Trajectory-Independent Flexibility Envelopes of Energy-Constrained Systems with State-Dependent Losses
Julie Rousseau, Carlo Tajoli, Hanmin Cai, Philipp Heer, Kristina Orehounig, Gabriela Hug

TL;DR
This paper introduces trajectory-independent energy bounds for energy-constrained systems with state-dependent losses, ensuring load constraints are always satisfied, unlike traditional trajectory-dependent bounds.
Contribution
It proposes novel TI energy envelope formulations that guarantee load constraint satisfaction for all feasible trajectories, improving flexibility management in energy systems.
Findings
Using TD envelopes can lead to temperature deviations of up to 3.8°C.
TI envelopes differ significantly from TD envelopes in poorly insulated buildings.

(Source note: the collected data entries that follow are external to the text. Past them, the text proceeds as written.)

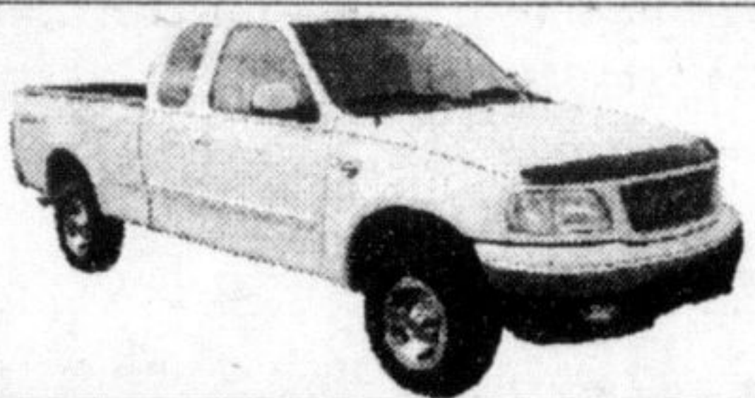
1999 FORD F-150 XLT SUPER CAB 4X4

TRUCKS, SUV'S & MINI VANS Come & see our great selection of pre-owned vehicles. All prices have been reduced!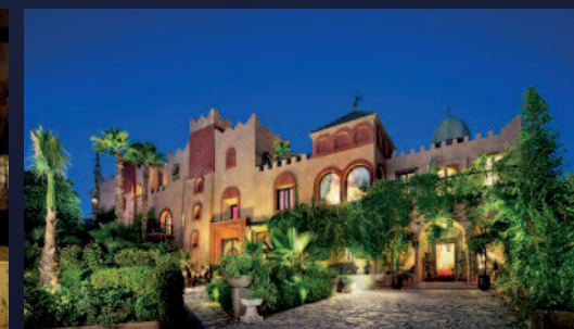
Hotel Kasbah Tamadot, 2012, Ansi - Morocco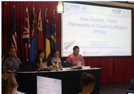
ACCELERATING ACTIONS TO ADDRESS OCEAN ACIDIFICATION IN THE PACIFIC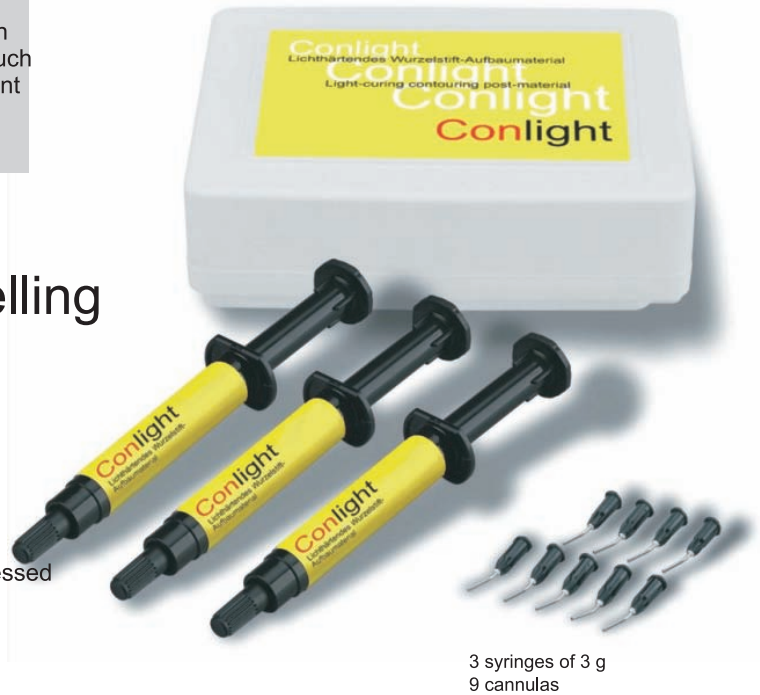
3 syringes of 3 g 9 cannulas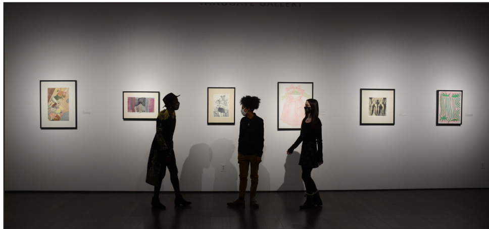
A-State students walking around the gallery, looking at the collection.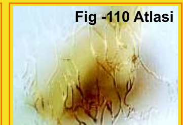
Fig -110 Atlasi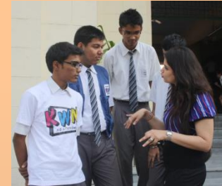
Panasonic Kids Witness News and Eco Picture Diaries

Kids Witness News held in 10 schools in Delhi and 300 Eco Picture Diaries distributed in Delhi-NCR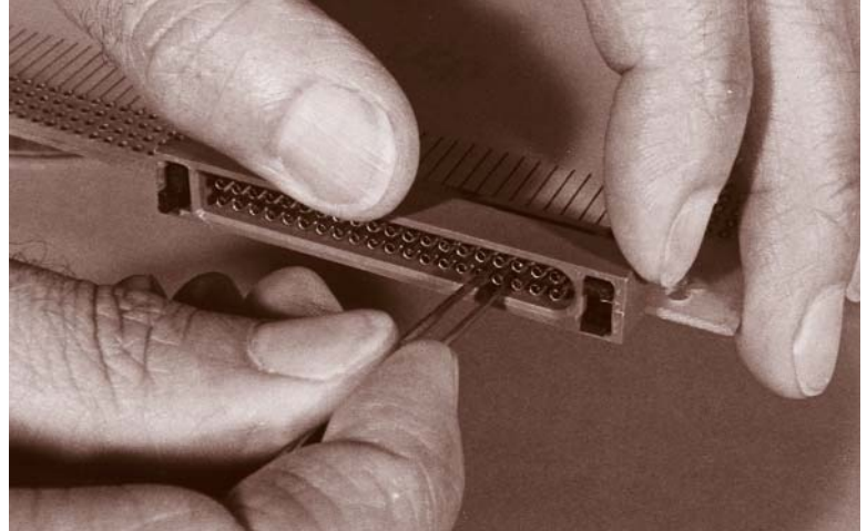
REMOVE DAMAGED CONTACT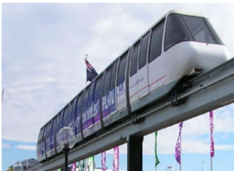
Figure 3. Monorail on its track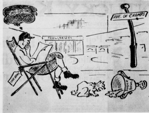
Hum—Nothing in here about Sugar rationing.

Tickets On Sale At Baldwin Piano Co. Louisville Phone WAsh 1565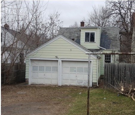
ATTACHED 2-CAR GARAGE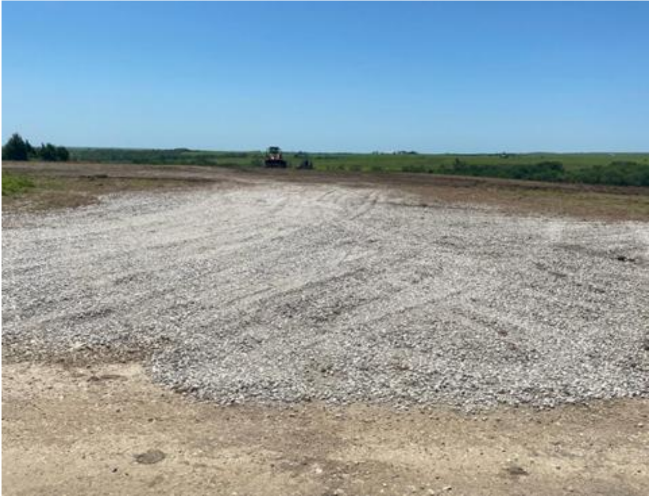
Figure 1: McCoy 1 lease being prepared for the mobilisation of Rig 116

After a planned crew break, the Murfin Rig 116 will mobilise to McCoy 1 following some routine maintenance. Depending on the time required to perform this work, McCoy 1 is expected to spud in early July. Having a break with the field crew avoids crew change out and maintains continuity across the entire exploration campaign allowing for operational efficiencies to be developed.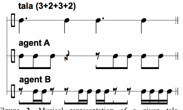
Figure 2. Musical representation of a given tala (3+2+3+2), top, and two possible patterns by agents. Agent A is limited to inner beats – onsets on and between, the tala – while agent B has subdivisions as well.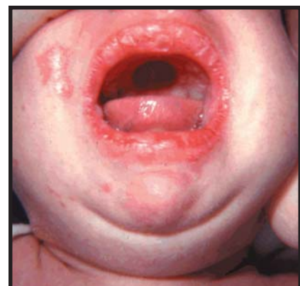
Runny nose (rhinitis) known as snuffles, a macular rash and mucus patches

Some of these lesions may resemble the wart-like lesion of adult syphilis. A small percentage of infants have a watery nasal discharge (snuffles) and a saddle nose deformity resulting from infection in the cartilage of the nose. Bone lesions are common, especially in the upper arm (humerus).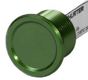
PSE 16 EX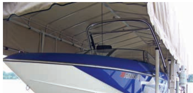
Additional depth with taller height allows entering the lift without lowering the tower. The tarp skirt is secured to prevent blowing in the wind.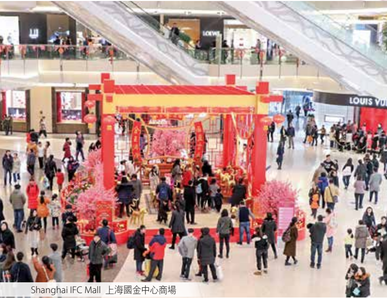
Shanghai IFC Mall 上海國金中心商場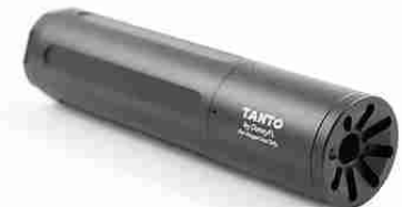
1.22 x 5 inches TANTO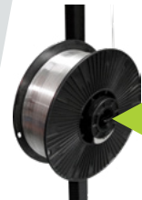
Spool option WGM-PFA- STAND- SPOOL For use with WGM-PFA- STAND.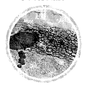
MOBILITY & ACCESS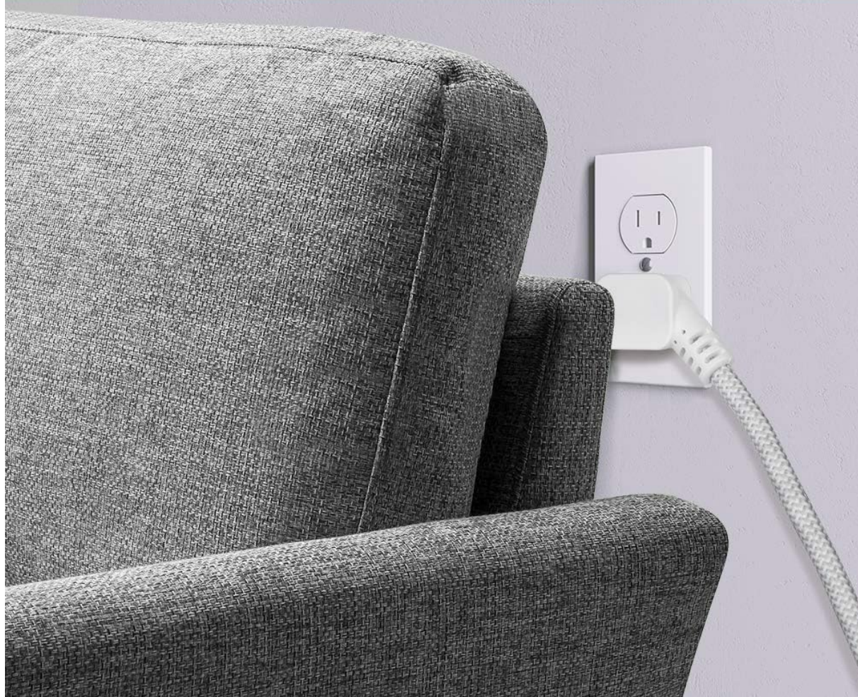
Image: A close-up of the 45-degree angled flat plug inserted into a wall outlet, positioned behind a piece of furniture, illustrating its space-saving design.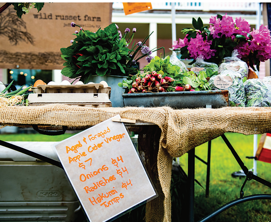
Wild Russet Farm is one of a host of farmers bringing the fruits of its harvest to the market.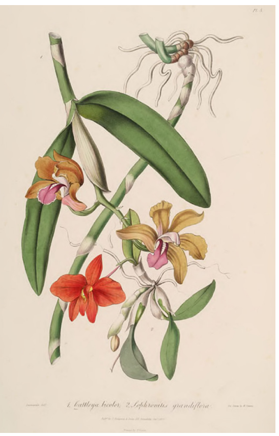
FIGURE 7. Sertum Orchidaceum. Plate 5: Sophronits grandiflora and Cattleya bicolor.

Probably the best proof for the quality of Descourtilz' illustrations lies in Lindley's publication of his Sertum Orchidaceum, a wreath of the most beautiful orchidaceous flowers (1838), one of his most applauded publications (Fig. 7, 10, 12). A book review (Anonymous, 1838: 148-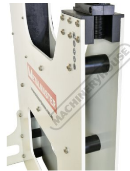
14mm Thick Steel Frame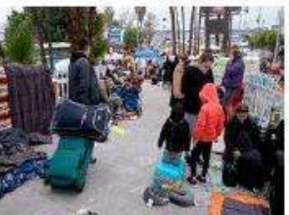
Ukrainians wait for processing by US authorities at the Tijuana-Mexico border.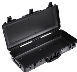
1705NF No Foam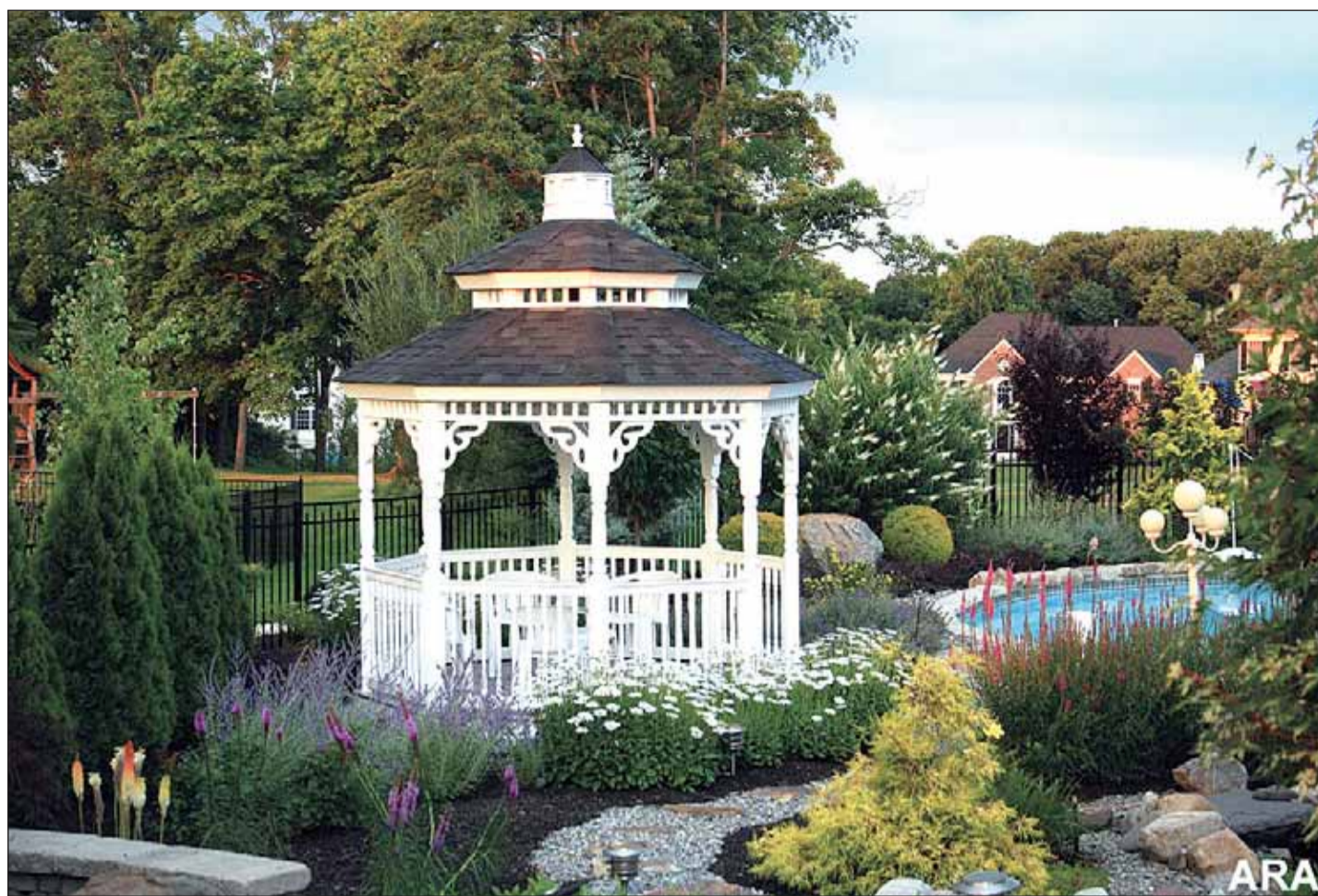
Enjoy indoor comforts outside in a custom-made gazebo.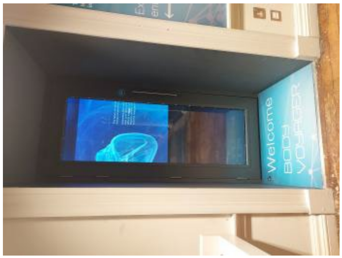
The entrance to Body Voyager from the dental collection on level 5. The door is 863mm wide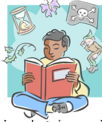
Today's reader is tomorrow's leader!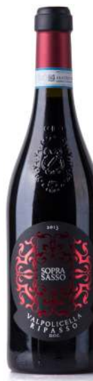
Soprasasso Valpolicella Ripasso, DOC 12 x 750mL | Licensee $20.49 | Retail $25.45

Bright, intense red colour, fragrant and pleasantly delicate to the nose with hazelnut scents, this red wine is dry and velvety, full-bodied and harmonious. Serve at 16°-18°C. Perfectly paired with meat and roasts.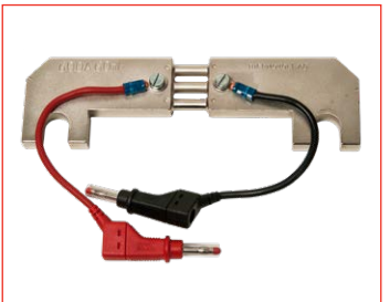
Calibration shunt, 600 A/60 mV (BB-90020)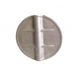
High-performance compressor butterfly valve plate assembly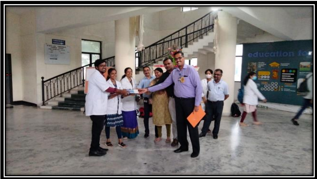
National Pharmacovigilance Week, Medication safety, Public awareness (17th to 23rd Sept 2022)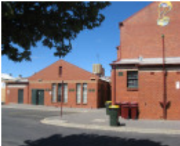
Horsham Town Hall 2 March 2011 KJ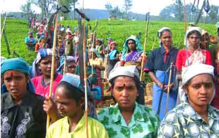
Hatton Bogawantalawa, Sri Lanka, November 2006: Striking tea estate workers march through the estate demanding a pay rise. Mainly women and descendant from those Indian Tamils who were brought by the British colonialists as indentured labour, upcountry estate workers are both the most downtrodden workers in Sri Lanka and the most strategically placed. The working class is the class that can lead the Lankan masses of all ethnicities to champion Tamil national rights and win their own liberation from capitalist exploitation.

each whipping up, and appealing to, rival ethnic chauvinist feelings. In the case of the Tamil elite politicians, they could at least point to a legitimate fear that the Tamil minority would be oppressed in a majority-Sinhalese independent Ceylon. Under colonial rule, all the non-European peoples on the island - whether Sinhalese, Ceylon Tamil, Muslim Moor or up-country Tamil (the latter are descendants of those brought by the British as semi-slave labour in the nineteenth century and have a culture and heritage somewhat distinct from Ceylon Tamils) - were arrogantly downtrodden by the British. The Tamil people rightly feared that after independence they would still be downtrodden - this time under Sinhala rulers.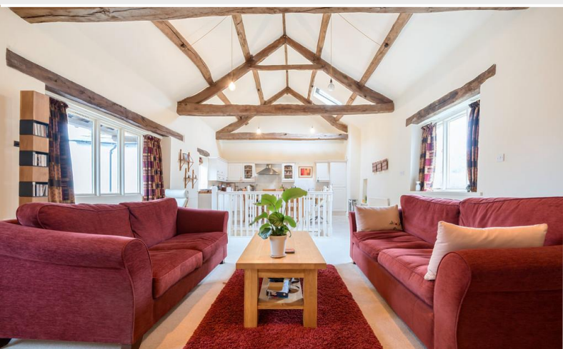
Open Plan Living/Dining/Kitchen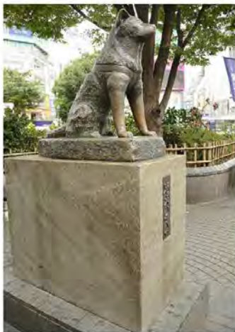
Hachiko, the Loyal Dog (忠犬八子公) at Shibuya station in Tokyo.

Ultimately, we must hold these demonstrations in Tokyo. (Applause) Thank you. I have been talking about this with the headquarters, but it seems they are not very enthusiastic about it at the moment. However, at this point, doing nothing is not an option. It's not like you do nothing; you hold symposiums nationwide. But you still have to make your case to the general public.

Proposed TI envelopes effectively ensure load constraints are always met.
Abstract
As non-dispatchable renewable power units become prominent in electric power grids, demand-side flexibility appears as a key element of future power systems' operation. Power and energy bounds are intuitive metrics to describe the flexibility of energy-constrained loads. However, to be used in operation, any power consumption trajectory fulfilling the power and energy bounds must necessarily fulfill the load's constraints. In this paper, we demonstrate that energy bounds defined as the minimum and maximum energy consumption potential of a load with state-dependent losses are Trajectory-Dependent (TD), i.e., for any energy value in the bounds a feasible power trajectory exists, but not all power trajectories enclosed in the energy envelopes satisfy the load's constraints. To guarantee the satisfaction of load constraints for all trajectories, we define Trajectory-Independent (TI) energy…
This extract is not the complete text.